◆ ENTRIES PROVIDED ◆
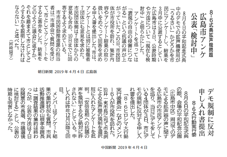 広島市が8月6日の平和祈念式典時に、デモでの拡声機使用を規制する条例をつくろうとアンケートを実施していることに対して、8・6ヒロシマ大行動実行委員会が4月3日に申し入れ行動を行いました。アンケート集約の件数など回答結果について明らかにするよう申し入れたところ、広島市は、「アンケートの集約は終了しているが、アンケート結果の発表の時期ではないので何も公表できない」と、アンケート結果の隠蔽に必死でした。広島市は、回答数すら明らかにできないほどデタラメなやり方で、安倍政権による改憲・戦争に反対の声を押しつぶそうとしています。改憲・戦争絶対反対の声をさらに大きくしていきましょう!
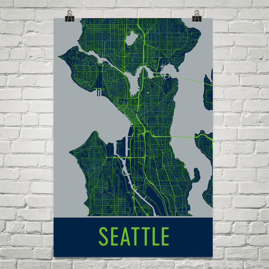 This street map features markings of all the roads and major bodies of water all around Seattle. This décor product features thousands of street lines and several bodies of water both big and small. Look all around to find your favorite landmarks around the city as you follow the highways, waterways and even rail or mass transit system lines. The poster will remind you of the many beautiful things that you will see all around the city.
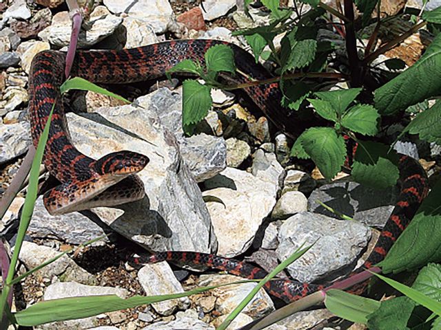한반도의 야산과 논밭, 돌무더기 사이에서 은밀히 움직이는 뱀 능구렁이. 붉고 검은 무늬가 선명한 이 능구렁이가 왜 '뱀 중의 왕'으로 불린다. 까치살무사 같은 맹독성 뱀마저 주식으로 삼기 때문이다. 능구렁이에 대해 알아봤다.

---

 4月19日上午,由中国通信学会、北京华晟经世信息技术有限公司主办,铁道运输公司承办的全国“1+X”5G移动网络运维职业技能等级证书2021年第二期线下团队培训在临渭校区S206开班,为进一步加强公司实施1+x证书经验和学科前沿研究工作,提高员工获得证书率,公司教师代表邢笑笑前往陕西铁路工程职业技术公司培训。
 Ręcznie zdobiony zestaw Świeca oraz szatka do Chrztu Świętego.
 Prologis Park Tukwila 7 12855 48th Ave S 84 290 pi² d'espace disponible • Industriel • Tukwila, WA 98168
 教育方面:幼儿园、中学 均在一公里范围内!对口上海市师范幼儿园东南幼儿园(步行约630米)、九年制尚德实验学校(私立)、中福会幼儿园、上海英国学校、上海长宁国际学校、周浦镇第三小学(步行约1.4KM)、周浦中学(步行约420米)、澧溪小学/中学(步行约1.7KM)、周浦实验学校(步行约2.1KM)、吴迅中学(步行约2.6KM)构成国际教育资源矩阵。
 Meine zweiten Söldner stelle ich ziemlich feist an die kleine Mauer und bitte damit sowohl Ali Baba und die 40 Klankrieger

* * *

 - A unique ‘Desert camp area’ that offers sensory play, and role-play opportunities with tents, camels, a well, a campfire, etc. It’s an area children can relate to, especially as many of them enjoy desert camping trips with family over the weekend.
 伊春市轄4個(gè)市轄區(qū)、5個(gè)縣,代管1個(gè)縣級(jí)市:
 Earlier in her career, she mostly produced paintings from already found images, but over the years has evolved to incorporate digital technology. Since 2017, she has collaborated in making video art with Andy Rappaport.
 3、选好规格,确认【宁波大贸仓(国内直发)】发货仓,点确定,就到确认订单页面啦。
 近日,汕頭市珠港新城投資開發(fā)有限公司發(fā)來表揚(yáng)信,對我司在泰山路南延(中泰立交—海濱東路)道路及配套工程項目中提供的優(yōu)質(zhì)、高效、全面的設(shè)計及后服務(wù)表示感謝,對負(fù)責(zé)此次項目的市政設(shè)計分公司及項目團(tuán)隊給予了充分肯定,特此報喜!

◆ WHAT THE EXERCISE ASKS ◆
In the entries above, identify each line that includes the string "with", then copy it.

◆ FINISHED TASK ◆
 - A unique ‘Desert camp area’ that offers sensory play, and role-play opportunities with tents, camels, a well, a campfire, etc. It’s an area children can relate to, especially as many of them enjoy desert camping trips with family over the weekend.
 Earlier in her career, she mostly produced paintings from already found images, but over the years has evolved to incorporate digital technology. Since 2017, she has collaborated in making video art with Andy Rappaport.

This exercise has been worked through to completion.